Pocałunek pocałunkowi nierówny. Z jednej strony może być to tylko niewinne złączenie warg pozbawione większych emocji, ale z drugiej – prawdziwa rozkosz dla zmysłów zakochanych. Lubisz całować się ze swoim partnerem, ale nie wiesz, czy dobrze Ci to wychodzi? Sama czerpiesz z tego ogromną przyjemność, ale nie jesteś pewna, czy on także jest usatysfakcjonowany?
Nie Ty jedna się nad tym zastanawiasz, dlatego podpytałyśmy kilku przedstawicieli płci męskiej o to, jak powinna się zachowywać prawdziwa mistrzyni pocałunków.
Oto ich wskazówki. Ile spośród tych cech mogłabyś przypisać sobie?
Zmiana tempa
- Parę razy zdarzyło mi się całować z dziewczynami, które były w tym całowaniu… nudne. Jedna albo robiła to non stop bardzo wolno, inna z kolei wyłącznie mocno i namiętnie. A najfajniej jest wtedy, gdy ciągle zmienia się tempo. Popadanie w schemat zabija wszelkie pożądanie – ostrzega Michał.
Świeży oddech
- Dla mnie to jest oczywiste. Mistrzyni pocałunków ma zawsze świeży oddech. Nic tu po doskonałej technice, jeśli z ust dziewczyny poczuję nieprzyjemny zapach – uważa Szymon z Warszawy.

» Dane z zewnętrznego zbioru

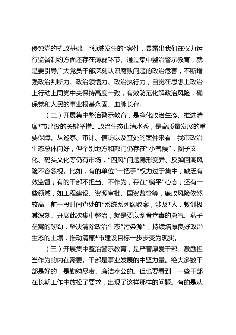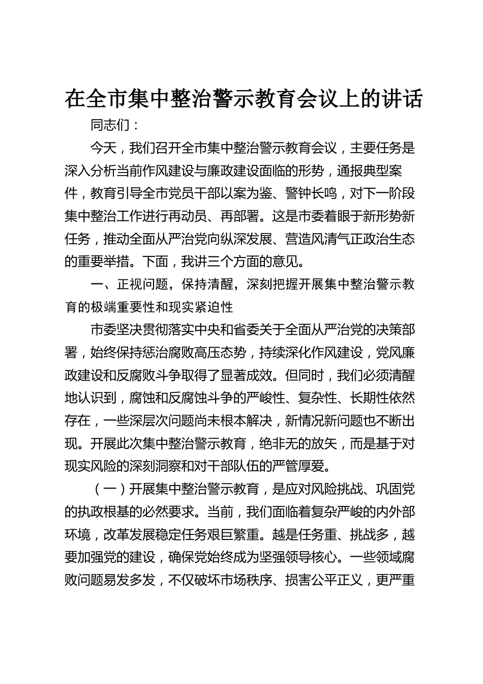 在全市集中整治警示教育會(huì)議上的講話同志們:今天,我們召開全市集中整治警示教育會(huì)議,主要任務(wù)是深入分析當(dāng)前作風(fēng)建設(shè)與廉政建設(shè)面臨的形勢(shì),通報(bào)典型案件,教育引導(dǎo)全市黨員干部以案為鑒、警鐘長(zhǎng)鳴,對(duì)下一階段集中整治工作進(jìn)行再動(dòng)員、再部署。這是市委著眼于新形勢(shì)新任務(wù),推動(dòng)全面從嚴(yán)治黨向縱深發(fā)展、營(yíng)造風(fēng)清氣正政治生態(tài)的重要舉措。下面,我講三個(gè)方面的意見。一、正視問(wèn)題,保持清醒,深刻把握開展集中整治警示教育的極端重要性和現(xiàn)實(shí)緊迫性市委堅(jiān)決貫徹落實(shí)中央和省委關(guān)于全面從嚴(yán)治黨的決策部署,始終保持懲治腐敗高壓態(tài)勢(shì),持續(xù)深化作風(fēng)建設(shè),黨風(fēng)廉政建設(shè)...

Jej dłonie pieszczą moje ciało
- Nawet najdoskonalszy pocałunek nie będzie przyjemny, jeśli dziewczyna nie będzie wiedziała, co robić ze swoimi dłońmi. Najbardziej lubię, jak ręce kobiety wędrują po całym moim ciele, gładzą moją klatkę piersiową, uciskają pośladki, zatapiają się w moich włosach. To mnie podnieca! – zdradza Rafał z Warszawy.
Pomruk rozkoszy
- Wiem, że to śmiesznie zabrzmi, ale uwielbiam, kiedy dziewczyna podczas pocałunku mruczy z rozkoszy. Jej westchnienia i ciche jęki sprawiają, że wszystko się we mnie gotuje – twierdzi 21-letni Bartek.
Uwodzenie tuż przed pocałunkiem
- Dla mnie na idealny pocałunek składa się nie tylko sam „akt”, ale również to, co dzieje się tuż przed nim. Podnieca mnie, gdy dziewczyna rzuca mi powłóczyste spojrzenia, oblizuje wargi, przygryza je, kusząc mnie w ten sposób i zachęcając do tego, bym wreszcie zatopił w nich swój język – zdradza Maciej, 27 lat.
Delikatne kąsanie
- Nie ma dla mnie nic bardziej seksownego niż dziewczyna, która podczas pocałunku delikatnie mnie kąsa. Przygryza mój język, wargi, a nawet brodę… Oczywiście musi to robić z wyczuciem. Nie chcę czuć bólu tylko przyjemność – wyjaśnia Krzysiek z Warszawy.
Zamknięte oczy
- Może to dziwne, ale bardzo lubię, gdy dziewczyna podczas pocałunku ma zamknięte lub półprzymknięte powieki. Otwieram wtedy swoje oczy i do woli obserwuję jej twarz. Widzę, czy pocałunek sprawia jej rozkosz. Bardzo fajne uczucie – wyjaśnia Artur z Warszawy.
Spełniasz wszystkie wymogi, o których wspomnieli faceci?